Begin with the line holding "更多支持的银行请在支付页面跳转的第三方支付平台查询。" and end with the last line of the records below. Set down exactly those lines and leave out every picture.

(Data entries)
================

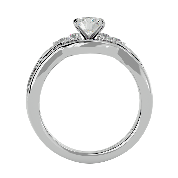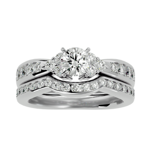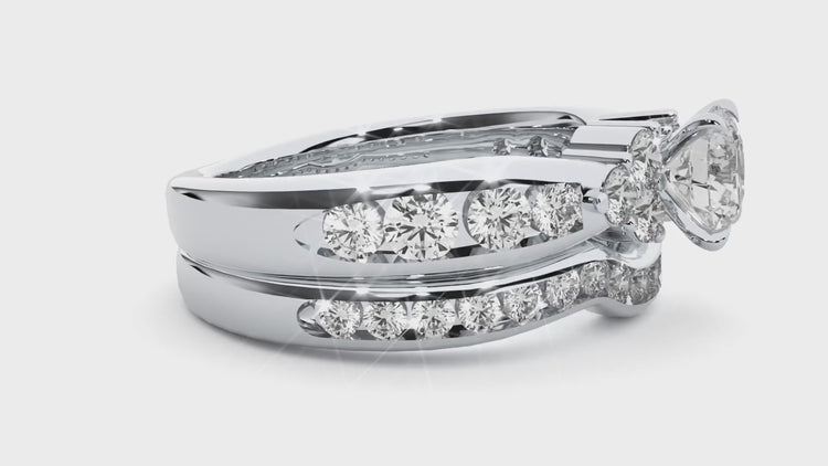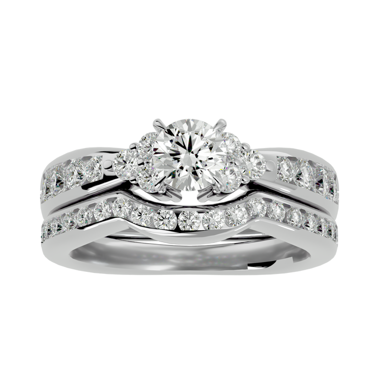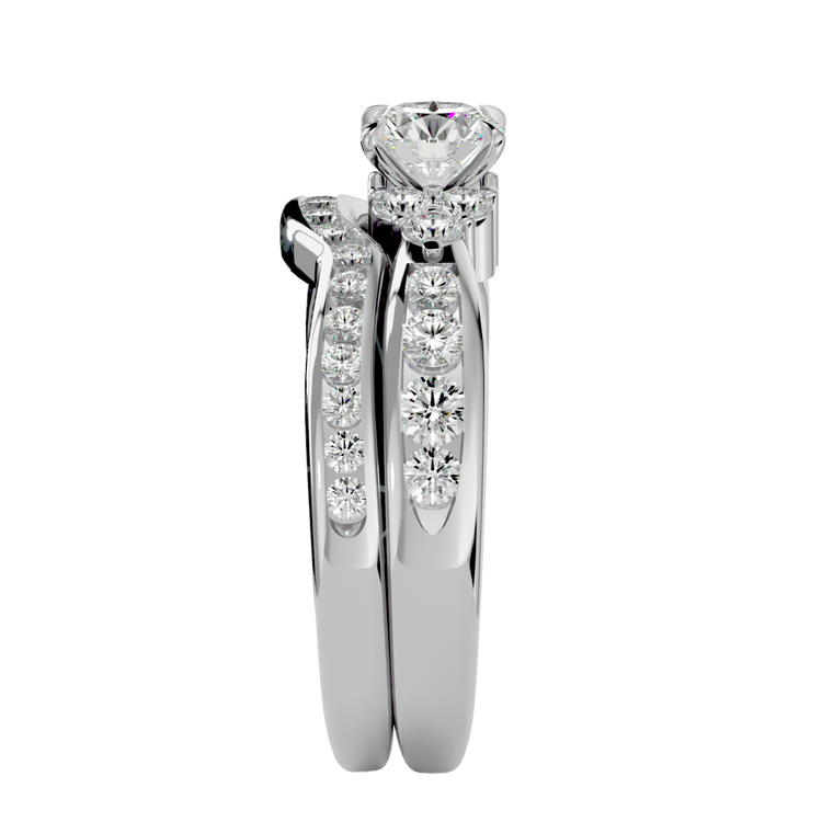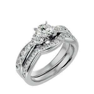 A fashionable style of a round solitaire set into a twin ring setting that accentuates the center diamond, and is marked with comparitively smaller lab grown diamonds set in the channel setting all around the rings. Can be customised as stacking rings as well.
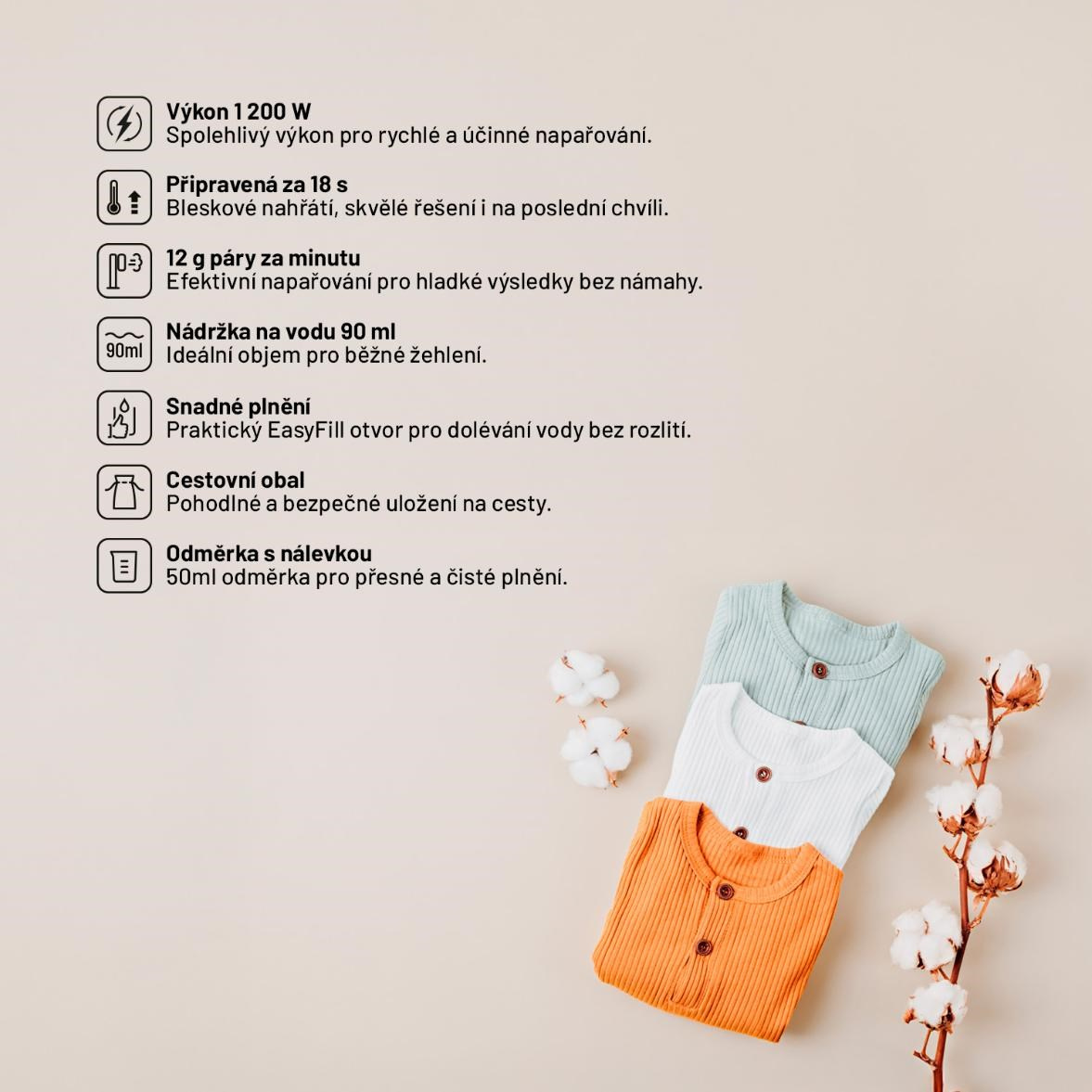 Silný výkon 1 200 W zajistí, že pára bude nekompromisní k záhybům, ale šetrná k vašemu oblečení. Přístroj je navržen tak, aby zvládl i hustší látky, aniž by je poškodil. Předehřátí trvá pouhých 18 vteřin, takže napařovačka je připravená prakticky okamžitě. Rychlý start oceníte hlavně ve spěchu, třeba před důležitým pracovním jednáním nebo večerní akcí. Parní výkon dosahuje až 12 gramů páry za minutu, což je dostatečné množství pro efektivní a rovnoměrné napařování. Pára proniká hluboko do tkaniny, takže oblečení nejen vyhladíte, ale i osvěžíte.
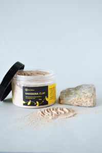 Čištění pleti: smíchejte marocký jíl s vodou nebo hydrolátem (např. růžová voda) v poměru 1:2, naneste na pokožku a krouživými pohyby myjte.
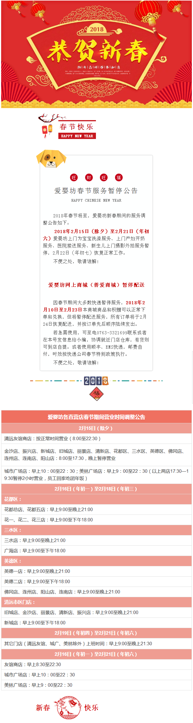 2018年春节爱婴坊部分服务暂停及各门店营业时间调整的公告
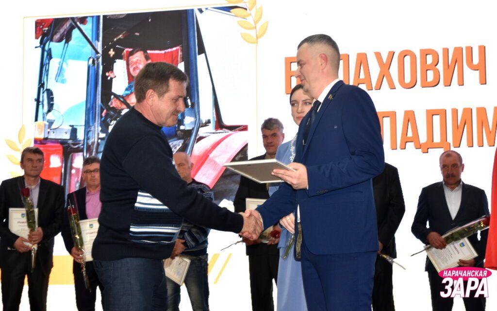 Наступным віншаваў аграрыяў першы намеснік старшыні райвыканкама-начальнік упраўлення па сельскай гаспадарцы і харчаванні Андрэй Марозаў. Ён узнагародзіў тых, хто вызначыўся на пасяўной, корманарыхтоўцы і жніве, у жывёлагадоўлі. Усяго ўручыў 60 дыпломаў. Ну а сёлетнім маладым спецыялістам (а гэта дзевяць дзяўчат і адзін хлопец) былі падарункі. Уручылі іх і ветэранам галіны.
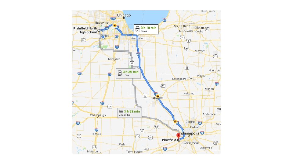 Destination Bloomington, IL Travel Time (by Distance (miles) plane) 116 54 min Los Angeles, CA 1, 745 4 h 25 min London 3, 951 7 h 45 min Delhi 7, 484 Hong Kong 7, 794 Brisbane, Australia 8, 901
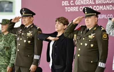 La gobernadora Delfina Gómez Álvarez asistió a la Toma de Posesión del Cargo y Protesta de Bandera del General Brigadier Diplomado de Estado Mayor, Claudio Edmundo Huizar de la Torre.
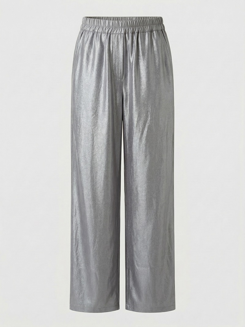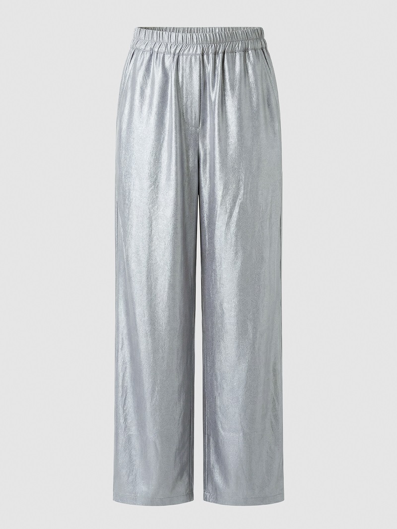 Прямые широкие брюки на резинке по талии. Материал имеет деликатный блеск и слегка струится, что создает красивое движение ткани при ходьбе.  По переду брюки дополнены карманами.
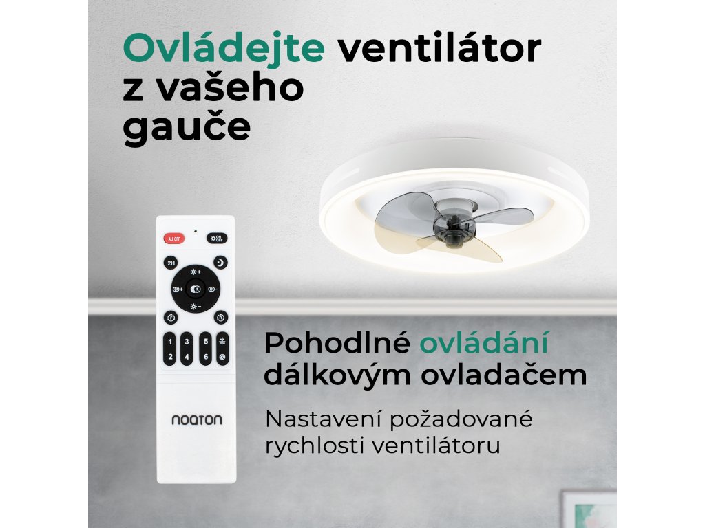 Stropní ventilátor Furud od značky Noaton je vybaven dálkovým ovládáním. To nevyžaduje žádné speciální párování a můžete jej tak používat hned po namontování ventilátoru.
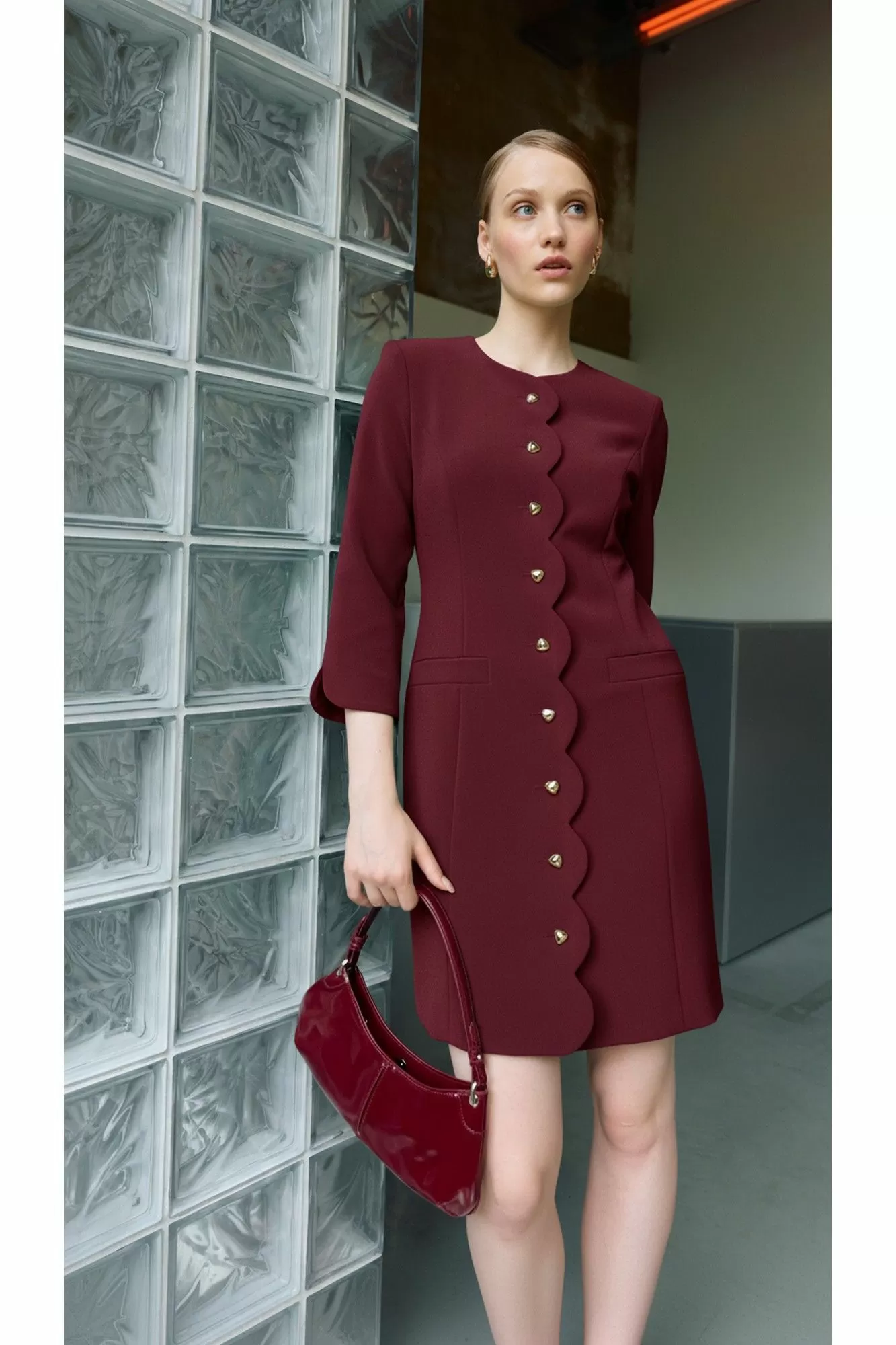 Платье полуприлегающего силуэта, по переду и спинке на подкладке. Рукав втачной ¾, по низу фигурный. Округлый вырез горловины, застежка центральная на петли и пуговицы, борт фигурной формы. По вертикальный рельефы и прорезные карманы. По спинке средний шов и вертикальные рельефы.
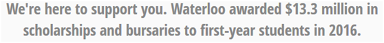 2016年,滑鐵盧大學(xué)授予大學(xué)一年級學(xué)生共計(jì)13,300,000加幣獎(jiǎng)學(xué)金及助學(xué)金。
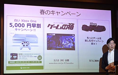 また、2014年末に発売した「Xbox One」も春商戦を見据えて、白色のXbox OneとXbox One Wireless Controller、「Halo: The Master Chief Collection」を同梱した「Xbox One スペシャル エディション」を5000円割り引く「白いXbox One 5,000円早割キャンペーン」を実施する。期間は3月1日まで。
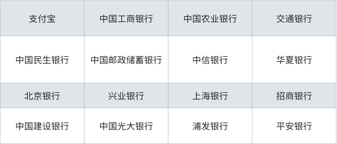 更多支持的银行请在支付页面跳转的第三方支付平台查询。
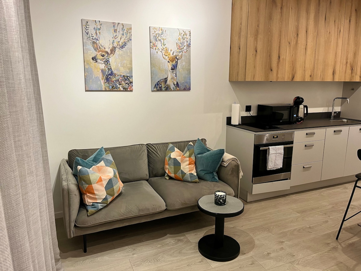 Excellent, calm and central 📍location – walking distance to Vilnius Old Town, main streets, restaurants, shops, bars, and cafes. This modern studio is ideal for up to two guests. It offers a comfortable living space, a fully equipped kitchen, and a private balcony. The queen-size bed ensures a restful night’s sleep, while the bathroom features a shower, fresh towels, and toiletries. The open-plan layout combines the living, kitchen, and sleeping areas, creating a bright and functional space.
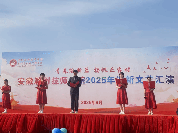 9 月 23 日下午,安徽滁州技师学院(滁州市机电工程学校)“青春绘新篇 扬帆正当时” 2025 年迎新文艺汇演在新校区操场盛大举行。本次汇演由校团委主办,各系团总支协办,为全体新生带来一场充满活力与创意的视听盛宴。
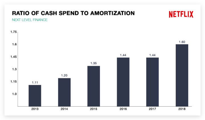Netflix在2019年第四季度财报电话会议上透露,目前Netflix现金支出与摊销之间的比例为1.6,现金投资相对于摊销的1.6倍,这个比例2013年为1.11,而这个数值意味着现金开支与内容摊销之间的时间差,并且与Netflix的自制内容投入息息相关。简单理解而言,随着Netflix自制内容投入增加,公司烧钱速度在逐年增加。即使账面上保持了盈利,显眼的负数自由现金流还是表示Netflix实际处境并不乐观。
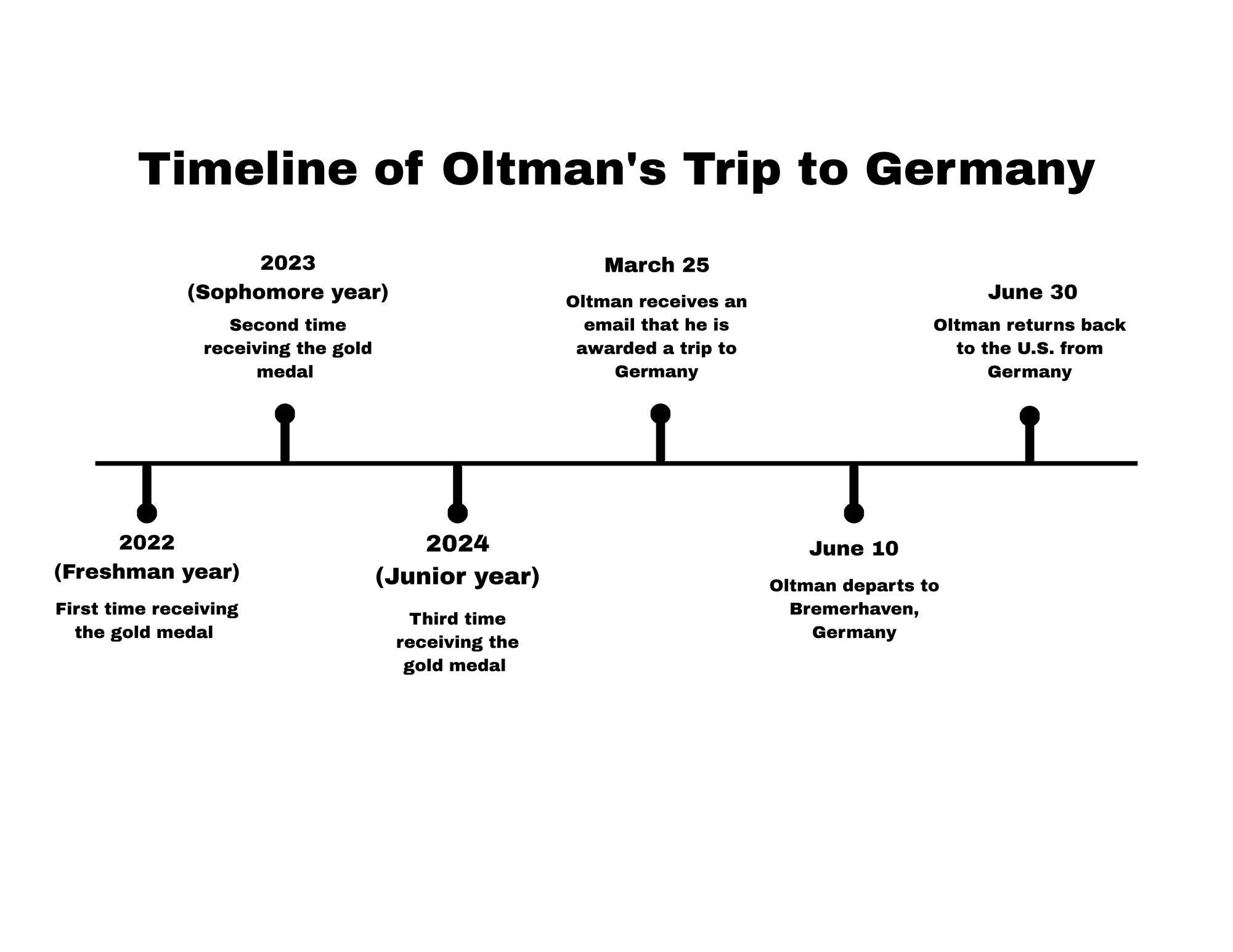 After winning three consecutive gold medal awards on the National German Exam in his freshman, sophomore and junior years, Oltman was one of 37 students across the nation granted a summer study trip to Germany.

================

EXPECTED OUTPUT:
 更多支持的银行请在支付页面跳转的第三方支付平台查询。
 Excellent, calm and central 📍location – walking distance to Vilnius Old Town, main streets, restaurants, shops, bars, and cafes. This modern studio is ideal for up to two guests. It offers a comfortable living space, a fully equipped kitchen, and a private balcony. The queen-size bed ensures a restful night’s sleep, while the bathroom features a shower, fresh towels, and toiletries. The open-plan layout combines the living, kitchen, and sleeping areas, creating a bright and functional space.
 9 月 23 日下午,安徽滁州技师学院(滁州市机电工程学校)“青春绘新篇 扬帆正当时” 2025 年迎新文艺汇演在新校区操场盛大举行。本次汇演由校团委主办,各系团总支协办,为全体新生带来一场充满活力与创意的视听盛宴。
Netflix在2019年第四季度财报电话会议上透露,目前Netflix现金支出与摊销之间的比例为1.6,现金投资相对于摊销的1.6倍,这个比例2013年为1.11,而这个数值意味着现金开支与内容摊销之间的时间差,并且与Netflix的自制内容投入息息相关。简单理解而言,随着Netflix自制内容投入增加,公司烧钱速度在逐年增加。即使账面上保持了盈利,显眼的负数自由现金流还是表示Netflix实际处境并不乐观。
 After winning three consecutive gold medal awards on the National German Exam in his freshman, sophomore and junior years, Oltman was one of 37 students across the nation granted a summer study trip to Germany.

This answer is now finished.